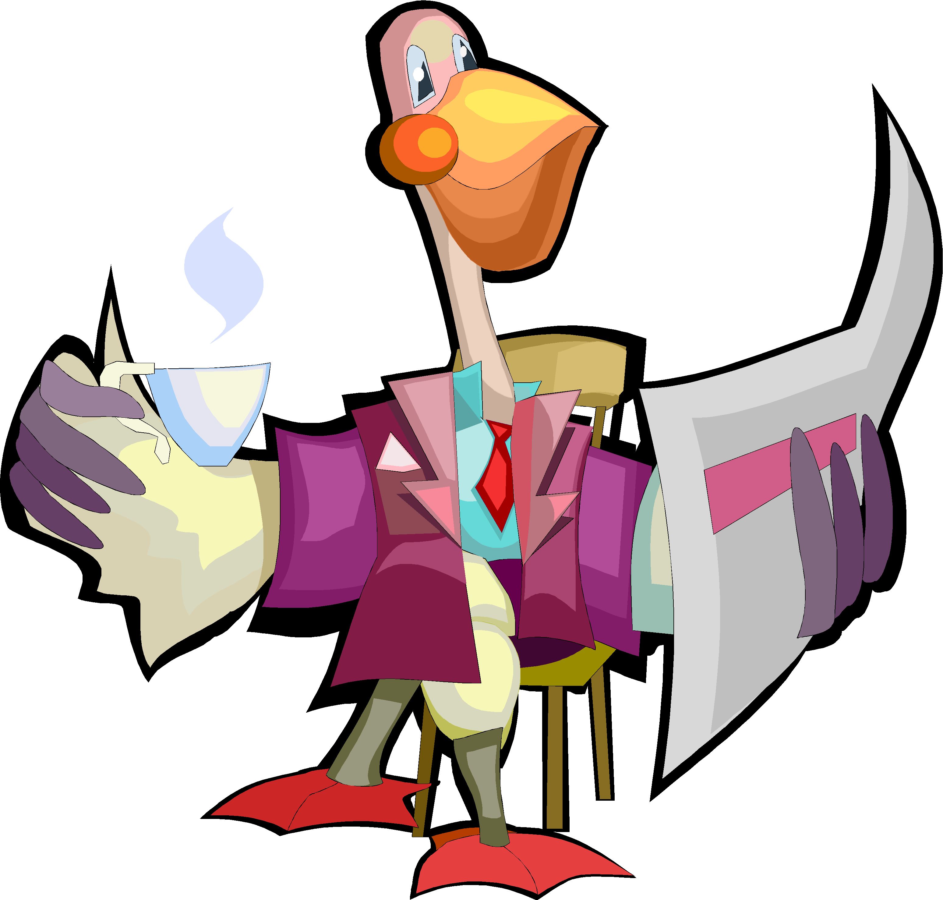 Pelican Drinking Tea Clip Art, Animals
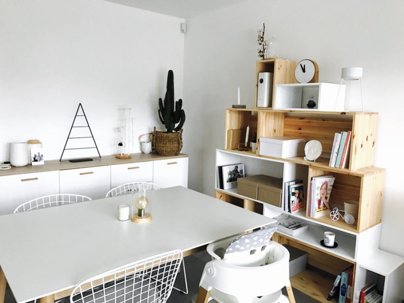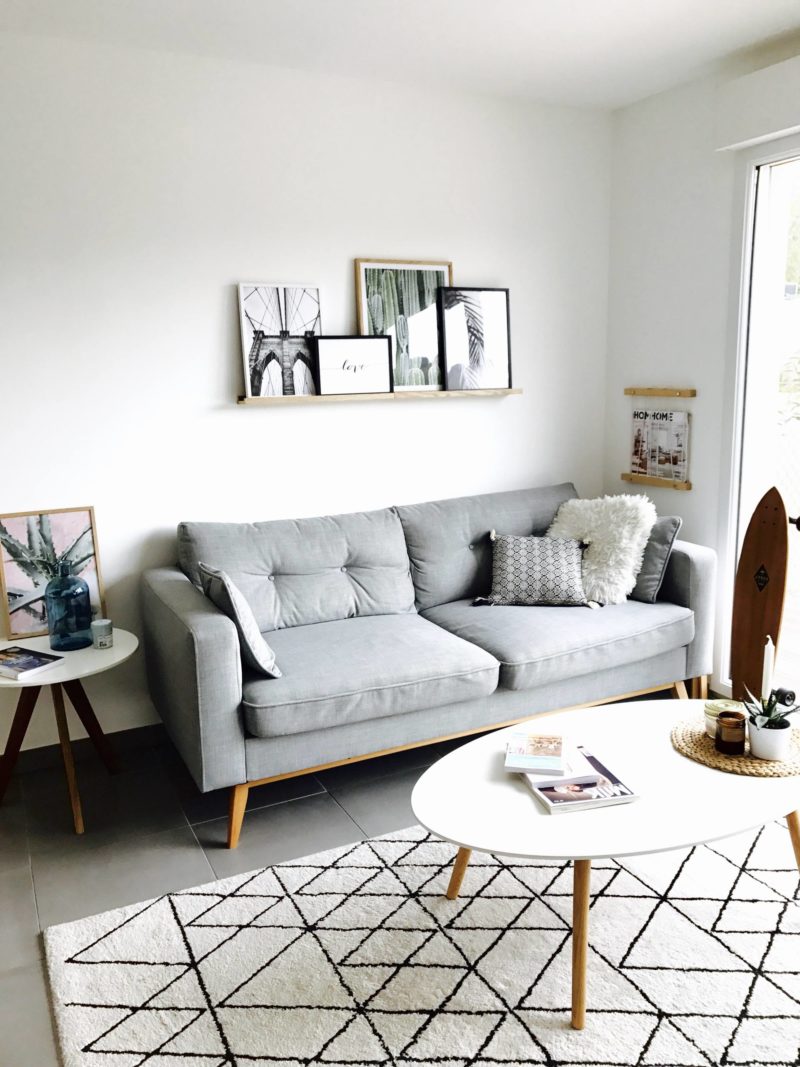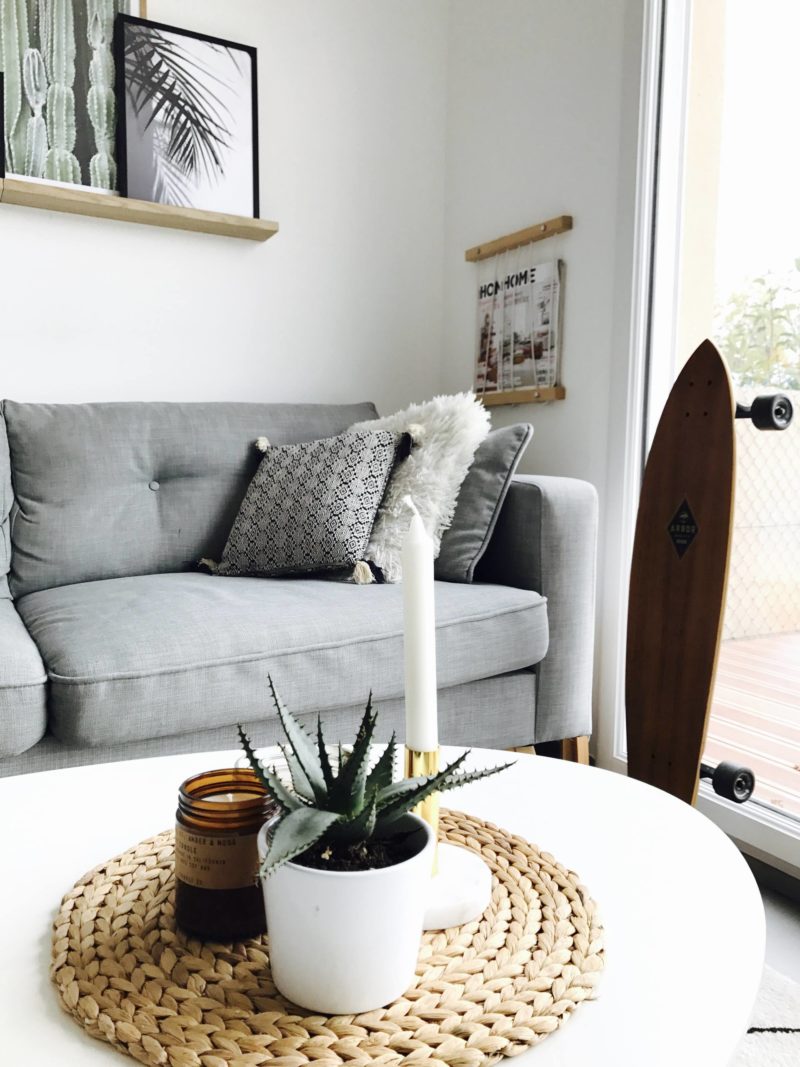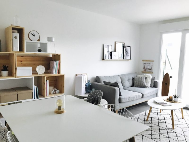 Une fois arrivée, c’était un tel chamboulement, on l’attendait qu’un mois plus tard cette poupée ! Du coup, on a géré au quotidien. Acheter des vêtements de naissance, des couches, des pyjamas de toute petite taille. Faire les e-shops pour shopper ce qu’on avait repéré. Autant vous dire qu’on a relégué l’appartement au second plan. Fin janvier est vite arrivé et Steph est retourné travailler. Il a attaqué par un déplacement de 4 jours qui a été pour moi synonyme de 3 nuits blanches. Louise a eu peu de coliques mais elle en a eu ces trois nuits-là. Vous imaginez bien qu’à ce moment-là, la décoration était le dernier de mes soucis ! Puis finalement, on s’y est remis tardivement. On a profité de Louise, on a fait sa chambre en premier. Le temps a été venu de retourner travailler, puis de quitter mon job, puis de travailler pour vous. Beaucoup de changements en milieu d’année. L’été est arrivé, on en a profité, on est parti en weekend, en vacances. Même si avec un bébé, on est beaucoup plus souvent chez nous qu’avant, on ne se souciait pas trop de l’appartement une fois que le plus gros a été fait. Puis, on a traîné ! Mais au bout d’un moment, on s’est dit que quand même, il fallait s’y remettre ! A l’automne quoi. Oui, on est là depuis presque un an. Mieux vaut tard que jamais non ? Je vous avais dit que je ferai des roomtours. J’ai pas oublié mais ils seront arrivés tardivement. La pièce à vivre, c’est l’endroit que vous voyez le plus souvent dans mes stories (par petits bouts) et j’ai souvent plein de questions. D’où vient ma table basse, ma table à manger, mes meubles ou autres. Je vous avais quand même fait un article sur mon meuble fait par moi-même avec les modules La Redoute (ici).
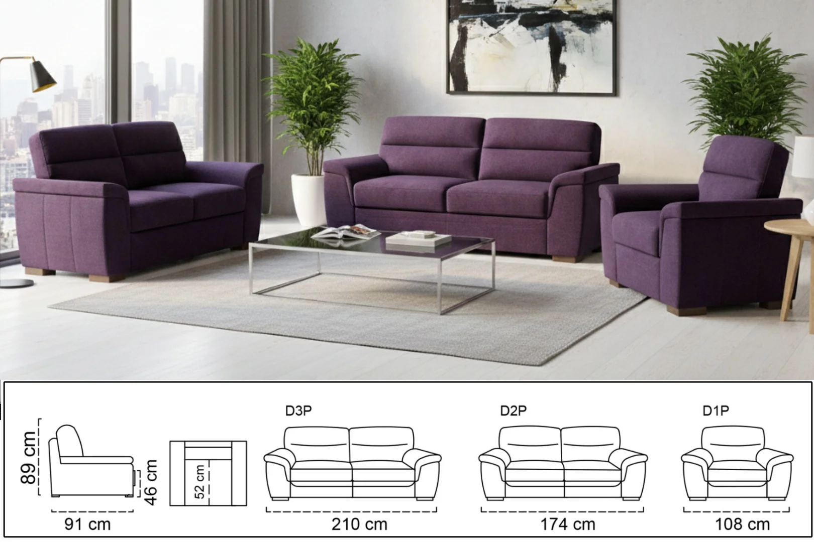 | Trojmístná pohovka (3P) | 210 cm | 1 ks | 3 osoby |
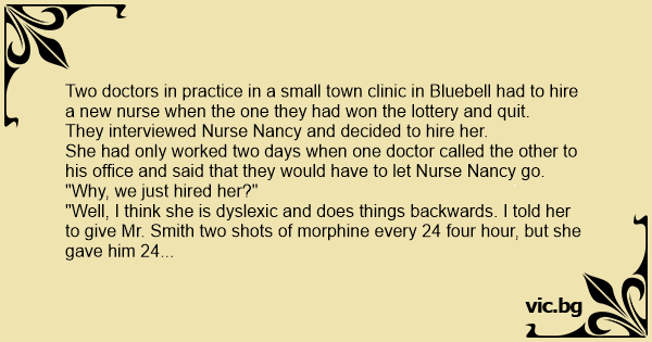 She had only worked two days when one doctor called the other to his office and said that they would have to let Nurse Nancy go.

PROBLEM DESCRIPTION: Write every line of the data out again exactly, leaving out all images.

YOUR RESPONSE:
 Pelican Drinking Tea Clip Art, Animals
 Une fois arrivée, c’était un tel chamboulement, on l’attendait qu’un mois plus tard cette poupée ! Du coup, on a géré au quotidien. Acheter des vêtements de naissance, des couches, des pyjamas de toute petite taille. Faire les e-shops pour shopper ce qu’on avait repéré. Autant vous dire qu’on a relégué l’appartement au second plan. Fin janvier est vite arrivé et Steph est retourné travailler. Il a attaqué par un déplacement de 4 jours qui a été pour moi synonyme de 3 nuits blanches. Louise a eu peu de coliques mais elle en a eu ces trois nuits-là. Vous imaginez bien qu’à ce moment-là, la décoration était le dernier de mes soucis ! Puis finalement, on s’y est remis tardivement. On a profité de Louise, on a fait sa chambre en premier. Le temps a été venu de retourner travailler, puis de quitter mon job, puis de travailler pour vous. Beaucoup de changements en milieu d’année. L’été est arrivé, on en a profité, on est parti en weekend, en vacances. Même si avec un bébé, on est beaucoup plus souvent chez nous qu’avant, on ne se souciait pas trop de l’appartement une fois que le plus gros a été fait. Puis, on a traîné ! Mais au bout d’un moment, on s’est dit que quand même, il fallait s’y remettre ! A l’automne quoi. Oui, on est là depuis presque un an. Mieux vaut tard que jamais non ? Je vous avais dit que je ferai des roomtours. J’ai pas oublié mais ils seront arrivés tardivement. La pièce à vivre, c’est l’endroit que vous voyez le plus souvent dans mes stories (par petits bouts) et j’ai souvent plein de questions. D’où vient ma table basse, ma table à manger, mes meubles ou autres. Je vous avais quand même fait un article sur mon meuble fait par moi-même avec les modules La Redoute (ici).
 | Trojmístná pohovka (3P) | 210 cm | 1 ks | 3 osoby |
 She had only worked two days when one doctor called the other to his office and said that they would have to let Nurse Nancy go.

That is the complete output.